LES LIMITES DU COMBAT
CONTRE LE TERRORISME
Par Jacques BENILLOUCHE
copyright © Temps et Contretemps
Il serait légitime de douter de la
volonté occidentale d’en découdre avec Daesh. Lorsqu’en janvier 2015
quarante dirigeants
du monde entier ont défilé, en se tenant par le bras dans les rues de Paris,
l’opinion internationale était persuadée que l’éradication de Daesh et
d’Al-Qaeda n’était plus qu’une question de semaines. On constate que cette marche n’a pas été
suivie d’effet puisque ses résultats se font encore attendre.
Les
gesticulations ont été éphémères ; les intérêts claniques de certains pays
priment sur l’intérêt international. Les ministres européens avaient
envisagé la mise en place de mesures sécuritaires allant de la confiscation des
papiers d'identité des personnes considérées comme dangereuses à l'accélération
des accords sur le partage des données des passagers aériens, en passant par le
renforcement ou la réforme de l'espace sans frontières Schengen.

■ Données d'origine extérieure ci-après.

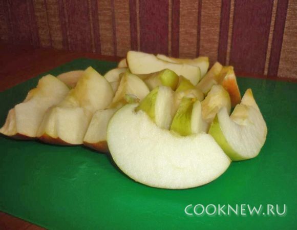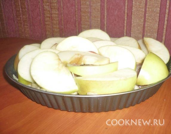 В форму для запекания выложить мясо со всеми ингредиентами, сверху положить яблоки. Выпекать в духовке 240 С 45 минут.
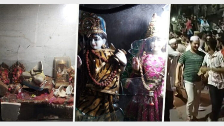 മുഹമ്മദ്, സഞ്ജീവ് കുമാര്‍ എന്നിവര്‍ തമ്മില്‍ പാര്‍ക്കിങ്ങിനെച്ചൊല്ലിയുണ്ടായ തര്‍ക്കമാണ് തുടക്കം. ഇതിന് പിന്നാലെ ഒരു സംഘം മുസ്ലിങ്ങളെത്തി പ്രകോപനമുണ്ടാക്കാന്‍ ക്ഷേത്രത്തിന് മുന്നിലിരുന്ന് മദ്യപിച്ചു. ഇത് ചോദ്യം ചെയ്തതോടെയാണ് നൂറ് വര്‍ഷത്തോളം പഴക്കമുള്ള ദുര്‍ഗാ മന്ദിര്‍ ആക്രമിച്ചത്. വിഗ്രഹങ്ങള്‍ തകര്‍ത്തു. സഞ്ജീവ് കുമാറിന്റെ വീട് അടിച്ചുതകര്‍ക്കുകയും ഭാര്യയെയും പ്രായമായ അമ്മയെയും മര്‍ദ്ദിക്കുകയും ചെയ്തു.  പ്രദേശത്ത് സുരക്ഷ ശക്തമാക്കിയിട്ടുണ്ട്. അര്‍ദ്ധസൈനികരെ ഉള്‍പ്പെടെ ആയിരത്തിലേറെ സുരക്ഷാ ഉദ്യോഗസ്ഥരെ നിയോഗിച്ചു.
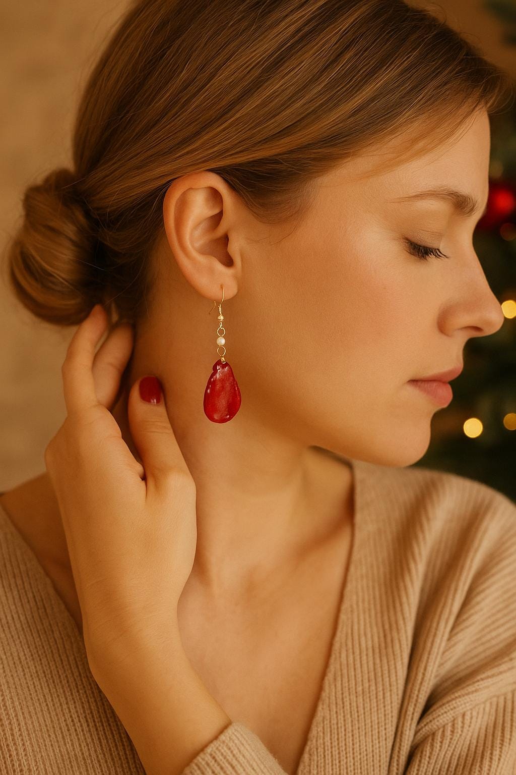 Details: • Materials: Real dried pomegranate flower petals, resin, stainless steel ear hooks • Lightweight and comfortable for daily wear • Each pair is completely unique due to the natural variations of petals
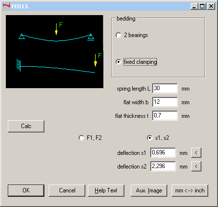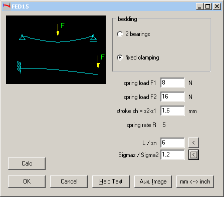 In FED15, you can choose between "fixed clamping" and "2 bearings". Also the load introduction positions are predefined: for fixed clamping at spring end, and for two beddings in the middle of the spring. FED15 input with spring loads F1, F2 and spring deflection s1, s2 is similar than in other spring programs, whereas FED10 input rather is comparable with shaft calculation WL1+ and girder calculation TR1.
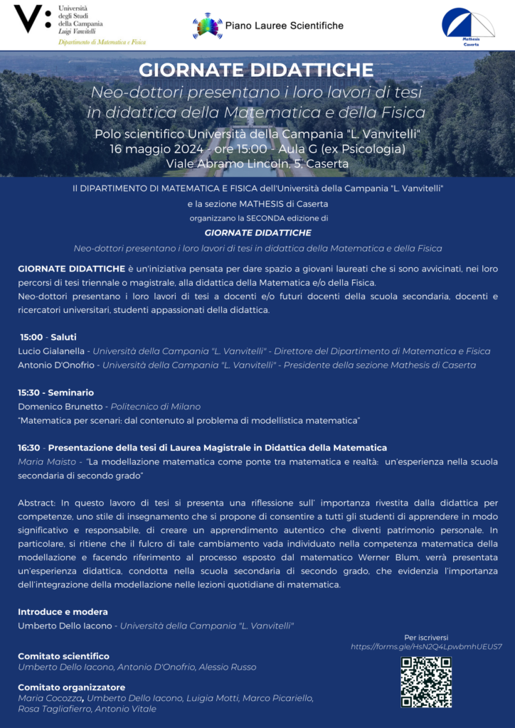 Il Dipartimento di Matematica e Fisica dell’Unicampania degli Studi della Campania “Luigi Vanvitelli” e la sezione Mathesis di Caserta organizzano la SECONDA EDIZIONE di GIORNATE DIDATTICHE.

Il a fallu attendre la réunion du G20,
le 16 novembre en Turquie, pour qu’une déclaration finale tente de montrer que
les participants attachaient une grande importance à la question de la lutte
contre le terrorisme. Certes les chefs d'État et de gouvernement ont confirmé à
nouveau qu'ils allaient «travailler ensemble pour renforcer la sécurité de
l'aviation internationale». Mais le président Barack Obama ne s’est
pas beaucoup engagé au sommet d’Antalya, se bornant à déclarer que son pays et
la France se battraient ensemble contre le terrorisme, sans toutefois préciser
comment et avec quels moyens.
À la suite des attentats du 13
novembre, la France a pris des décisions locales en instituant l’état d’urgence
accompagné de mesures de haute sécurité. Mais les donneurs d’ordre, agissant
depuis la Syrie, ont démontré leur efficacité. Il leur a suffi d’envoyer huit kamikazes
pour mettre Paris à feu et à sang, pour imposer l’ordre du jour du gouvernement
et pour désorganiser la vie publique. Le choc des bombes risque cependant de
s’émousser rapidement avec le temps.
La passivité de l’Occident a été
déconcertante lorsque Daesh a attaqué Palmyre en Syrie. Les États-Unis n’ont
pas lancé leur aviation sur ces terroristes parce qu’ils craignaient d’être
accusés de soutenir l’armée syrienne qui défendait la ville et donc de
favoriser le maintien de Bachar Al-Assad au pouvoir. Raisonnement alambiqué qui
dénote des intérêts divergents. Daesh a exploité cette faille en occupant et en
détruisant Palmyre puis en décapitant les soldats syriens capturés pour mobiliser
les medias à son profit. Cette victoire psychologique a été déterminante pour
conforter la foi belliqueuse des troupes de Daesh et pour démoraliser l’armée
régulière.
Le président turc Recep Tayyip
Erdogan a de son côté joué le double jeu auquel l’Occident est habitué en
exigeant une action «collective contre le terrorisme». C’était un bon
moyen pour lui de ne pas se mouiller et de ménager Daesh qu’il voulait bien
frapper à condition de s’en prendre aussi
aux Kurdes syriens et à l’UPP (Unités
kurdes paramilitaires de Protection du Peuple), alliés des États-Unis. Alors,
devant la réticence américaine, il s’est remis à bombarder les Kurdes de
Turquie en laissant Daesh libre d’agir à sa guise.
Al-Souri |
Les dirigeants occidentaux n’ont pas
assimilé la bible djihadiste d’Al-Souri, inspirateur et idéologue d’Abou Bakr
al-Baghdadi, le calife de l’État islamique. Dans ce Mein Kampf moderne, la
stratégie de Daesh est pourtant parfaitement tracée en mêlant le terrorisme
urbain aux tactiques de guérilla, voire de guerre conventionnelle. Lorsque les
combattants de l’UPP ont coupé la route menant vers la Turquie pour isoler ceux
de Daesh, ces derniers se sont infiltrés à Kobane, déguisés en Kurdes et ont
massacré 220 hommes, femmes et enfants. La route a été libérée. Par ailleurs, dès
que la Russie a ciblé ses frappes militaires contre les camps de Daesh, elle a immédiatement payé la note avec une bombe qui a opportunément détruit un de ses avions en faisant 224 victimes.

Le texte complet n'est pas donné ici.